[Gluster-devel] memory cache for initgroups

Fri Nov 7 17:48:15 UTC 2014

On Fri, Nov 07, 2014 at 08:42:50AM -0500, Simo Sorce wrote:
> On Fri, 7 Nov 2014 09:59:32 +0100
> Niels de Vos <ndevos at redhat.com> wrote:
> 
> > On Thu, Nov 06, 2014 at 05:32:53PM -0500, Simo Sorce wrote:
> > > On Thu, 6 Nov 2014 22:02:29 +0100
> > > Niels de Vos <ndevos at redhat.com> wrote:
> > > 
> > > > On Thu, Nov 06, 2014 at 11:45:18PM +0530, Vijay Bellur wrote:
> > > > > On 11/03/2014 08:12 PM, Jakub Hrozek wrote:
> > > > > >On Mon, Nov 03, 2014 at 03:41:43PM +0100, Jakub Hrozek wrote:
> > > > > >>On Mon, Nov 03, 2014 at 08:53:06AM -0500, Simo Sorce wrote:
> > > > > >>>On Mon, 3 Nov 2014 13:57:08 +0100
> > > > > >>>Jakub Hrozek <jhrozek at redhat.com> wrote:
> > > > > >>>
> > > > > >>>>Hi,
> > > > > >>>>
> > > > > >>>>we had short discussion on $SUBJECT with Simo on IRC
> > > > > >>>>already, but there are multiple people involved from
> > > > > >>>>multiple timezones, so I think a mailing list thread would
> > > > > >>>>be better trackable.
> > > > > >>>>
> > > > > >>>>Can we add another memory cache file to SSSD, that would
> > > > > >>>>track initgroups/getgrouplist results for the NSS
> > > > > >>>>responder? I realize initgroups is a bit different
> > > > > >>>>operation than getpw{uid,nam} and getgr{gid,nam} but what
> > > > > >>>>if the new memcache was only used by the NSS responder and
> > > > > >>>>at the same time invalidated when initgroups is initiated
> > > > > >>>>by the PAM responder to ensure the memcache is up-to-date?
> > > > > >>>
> > > > > >>>Can you describe the use case before jumping into a proposed
> > > > > >>>solution ?
> > > > > >>
> > > > > >>Many getgrouplist() or initgroups() calls in a quick
> > > > > >>succession. One user is GlusterFS -- I'm not quite sure what
> > > > > >>the reason is there, maybe Vijay can elaborate.
> > > > > >
> > > > > 
> > > > > GlusterFS server invokes getgrouplist() to identify gids
> > > > > associated with an user on whose behalf a rpc request has been
> > > > > sent over the wire. There is a gid caching layer in GlusterFS
> > > > > and getgrouplist() does get called only if there is a gid cache
> > > > > miss. In the worst case, getgrouplist() can be invoked for
> > > > > every rpc request that GlusterFS receives and that seems to be
> > > > > the case in a deployment where we found that sssd was being
> > > > > busy. I am not certain about the sequence of operations that
> > > > > can cause the cache to be missed.
> > > > > 
> > > > > Adding Niels who is more familiar with the gid resolution &
> > > > > caching features in GlusterFS.
> > > > 
> > > > Just to add some background information on the getgrouplist().

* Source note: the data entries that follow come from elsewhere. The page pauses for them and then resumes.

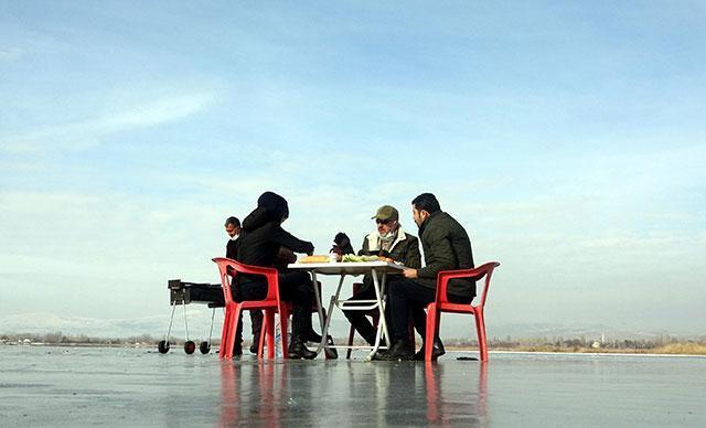 Van’da etkili olan soğuk hava Van Gölü'nün tatlı su kaynaklarına yakın olan Erciş sahillerinin bir bölümünün donmasına neden oldu. Bunu fırsata çeviren bir aile de buz üzerinde mangal yakıp, piknik yapmanın keyfini yaşadı.
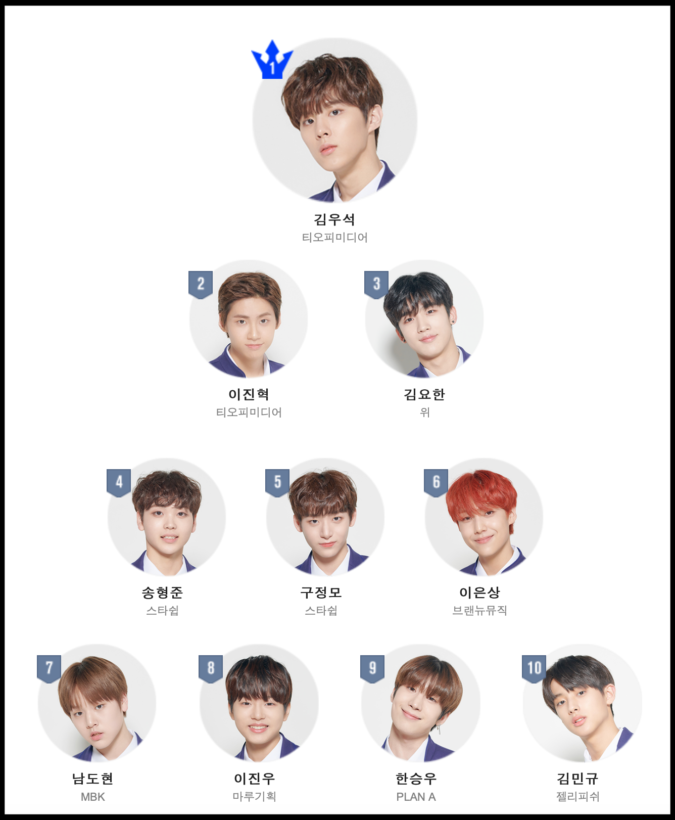 [사진 = 프로듀스 X 101 2차 순위 발표식(8주차) 순위입니다. 한승우가 처음으로 데뷔권에 진입했습니다. 김우석, 이진우 1~2위 진입을 놓고 보면 현역 아이돌+실력파 아이돌의 강세가 데뷔조에서 눈에 띄었습니다. (C) Mnet 프로듀스 X 101 공식 홈페이지]
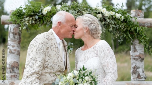 Couple kissing at outdoor wedding ceremony
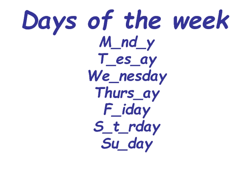 Days of the weekM_nd_yT_es_ayWe_nesdayThurs_ayF_idayS_t_rdaySu_day
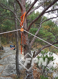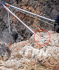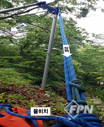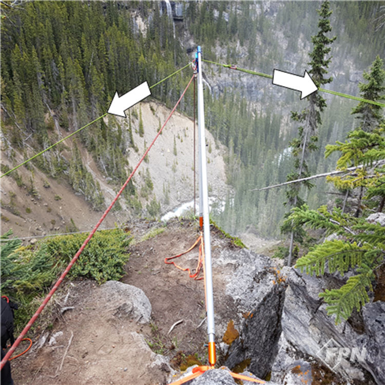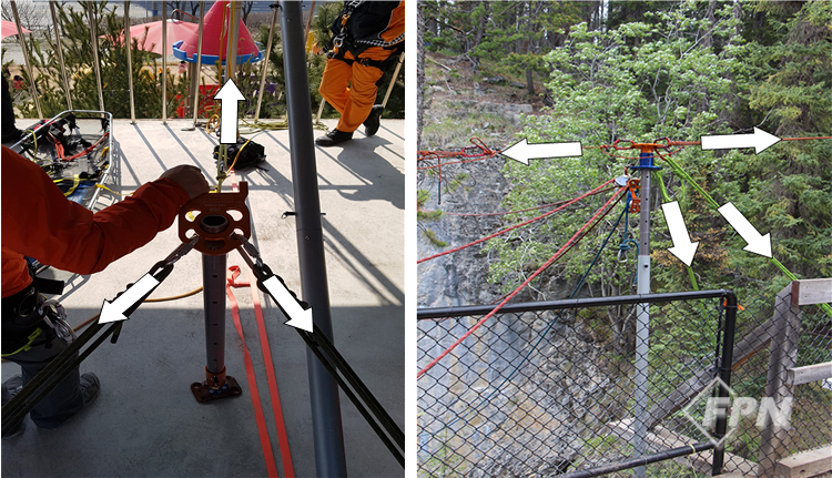 1) 가이라인 역할 ㆍ조절 기능 : 싱글 로프로 모노ㆍ바이 포드의 머리에 연결돼 압축 다리 위치를 잡고 경사를 조절한다. 보통 조절 가이라인은 하나의 8㎜ 프루직 또는 이와 유사한 것으로 고정된다. ㆍ장력 기능 : 조절 기능의 반대 방향으로 비작동 도르래 시스템(카라비너만 사용)으로 모노ㆍ바이 포드에 장력을 가하는 데 사용된다. ㆍ모든 가이라인은 뮬 히치로 추가 고정된다.
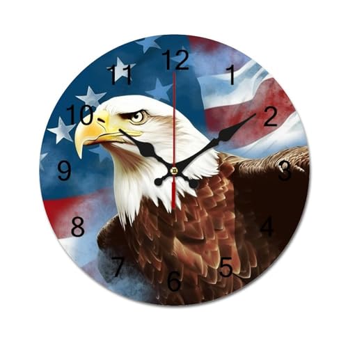 NTVOWPZO Horloge murale de 25,4 cm avec aigle blanc américai...

> > > > GlusterFS uses several processes that can call getgrouplist():
> > > > - NFS-server, a single process per system
> > > > - brick, a process per exported filesystem/directory, potentally
> > > > several per system
> > > > 
> > > >   [Here, a Gluster environment has many systems (vm/physical).

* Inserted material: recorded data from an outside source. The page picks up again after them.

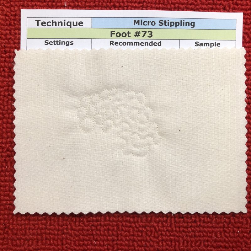 Stippling Foot #73 Designed for stippling, micro-stippling, and swirl patterns, this foot has a wide opening for better needle visibility. Its matte gray finish reduces glare, minimizing eye strain during detailed stitching.
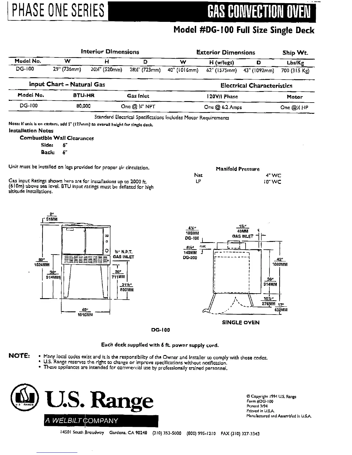 U.S. Range DG-100 - Installation Notes and Clearances; Combustible Wall Clearances
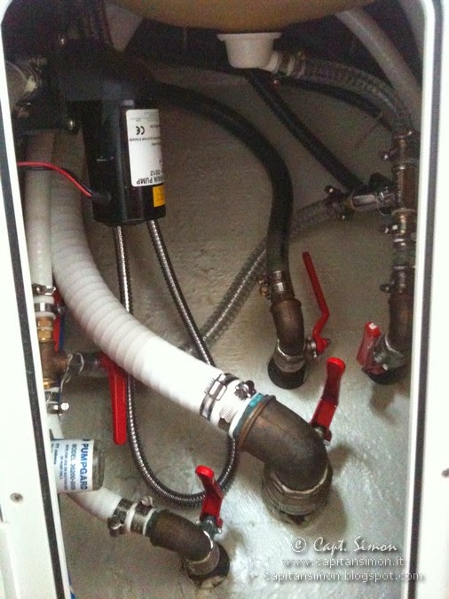 Nel pomeriggio io mi dedico ad un lavoro in programma da tempo: collegare lo scarico del lavello del bagno all'ingresso (carico) del WC. In questo modo, agendo su varie valvole, si può chiudere l'aspirazione di acqua marina del WC, caricando invece acqua dolce (con eventuali aggiunte di disinfettanti etc) direttamente dal lavello. In questo modo, in caso di sosta prolungata, in tutti i tubi del WC si lascerà acqua dolce e non salata, eliminando totalmente l'odore di zolfo che per anossia si forma nei tubi del WC in caso di inutilizzo. Su Lady Blues il lavoro è risultato estremamente facilitato dal raggruppamento di progetto di tutte le valvole esattamente all'interno del mobiletto sotto il lavello. Dopo un anno, garantisco un'efficacia TOTALE! Niente più tracce di odore di zolfo!
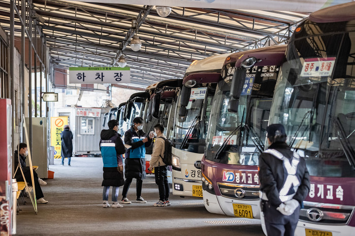 광진구가 코로나19 지역감염 확산을 막기 위해 지난 5일부터 동서울터미널에서 하차객을 대상으로 체온측정을 실시하고 있다. 운영은 매일 오전 8시~오후 10시 구청직원과 자원봉사자, 동서울터미널 관계자를 5명씩 2교대로 배치하고, 동서울터미널 하차장에 승객이 내리면 한 명씩 열을 확인하는 방식으로 진행된다. 사진은 구청 관계자가 하차객을 대상으로 체온 측정을 하고 있는 모습. (사진제공=광진구청)
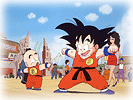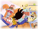 | 挑戦!!強敵だらけの天下一武道会 つよいやついっぱいくるんだろ!? もっと自分を鍛えたい一心で悟空は亀仙人の門を叩く。同じようにクリリンという少年も修行を受けるためにカメハウスにやってきた。悟空とクリリン、そしてくしゃみで変わる二重人格のランチさんを加えた4人と1匹のスーパーハードな修行生活がスタートした。 20キロの亀の甲羅を背負い、ランニングを兼ねた牛乳配達、手でやる畑仕事、工事現場の手伝い、サメのいる湖での水泳などなどめちゃくちゃに激しいものであった。 きっちりと修行をこなしたら天下一武道会に出場させるという亀仙人の約束を信じて二人は必至に修行をこなし、揃って武道会に出場することになった。 周囲の嘲りをよそに快進撃をつづけ、本選出場を決める悟空とクリリン、そして都に移り住んでいた狼牙風風拳のヤムチャ。 そのヤムチャを一回戦で破り、さらに準決勝でクリリンを破った謎の老人ジャッキー・チュン。同じくギラン、ナムを倒し激闘を勝ち抜いた悟空。決勝はジャッキー・チュンVS孫悟空という組み合わせになった。果たして勝敗はいかに!? |

> > > > Each system normally runs the NFS-server, and a number of brick
> > > > processes. The layout of the volume is important, but it is very
> > > > common to have one or more distributed volumes that use multiple
> > > > bricks on the same system (and many other systems).]
> > > > 
> > > > The need for resolving the groups of a user comes in when users
> > > > belong to many groups. The RPC protocols can not carry a huge
> > > > list of groups, so the resolving can be done on the server side
> > > > when the protocol hits its limits (> 16 for NFS, approx. > 93 for
> > > > GlusterFS).
> > > > 
> > > > Upon using a Gluster volume, certain operations are sent to all
> > > > the bricks (i.e. some directory related operations). I can
> > > > imagine that a network share which is used by many users, trigger
> > > > many getgrouplist() calls in different brick processes at the
> > > > (almost) same time.
> > > > 
> > > > For reference, the usage of getgrouplist() in the brick process
> > > > can be found here:
> > > > -
> > > > https://github.com/gluster/glusterfs/blob/master/xlators/protocol/server/src/server-helpers.c#L24
> > > > 
> > > > The gid_resolve() function get called in case the brick process
> > > > should resolve the groups (and ignore the list of groups from the
> > > > protocol). It uses the gidcache functions from a private library:
> > > > -
> > > > https://github.com/gluster/glusterfs/blob/master/libglusterfs/src/gidcache.h
> > > > -
> > > > https://github.com/gluster/glusterfs/blob/master/libglusterfs/src/gidcache.c
> > > > 
> > > > The default time for the gidcache to expire is 2 seconds. Users
> > > > should be able to configure this to 30 seconds (or anything else)
> > > > with:
> > > > 
> > > >     # gluster volume set <VOLUME> server.gid-timeout 30
> > > > 
> > > > 
> > > > I think this should explain the use-case sufficiently, but let me
> > > > know if there are any remaining questions. It might well be
> > > > possible to make this code more sssd friendly. I'm sure that we
> > > > as Gluster developers are open to any suggestions.
> > > 
> > > 
> > > TBH this looks a little bit strange, other filesystems (as well as
> > > the kernel) create a credentials token when a user first
> > > authenticate and keep these credentials attached to the user
> > > session for the duration. Why does GlusterFS keeps hammering the
> > > system requesting the same information again and again ?
> > 
> > The GlusterFS protocol itself is very much stateless, similar to
> > NFSv3. We need all the groups of the user on the server-side (brick)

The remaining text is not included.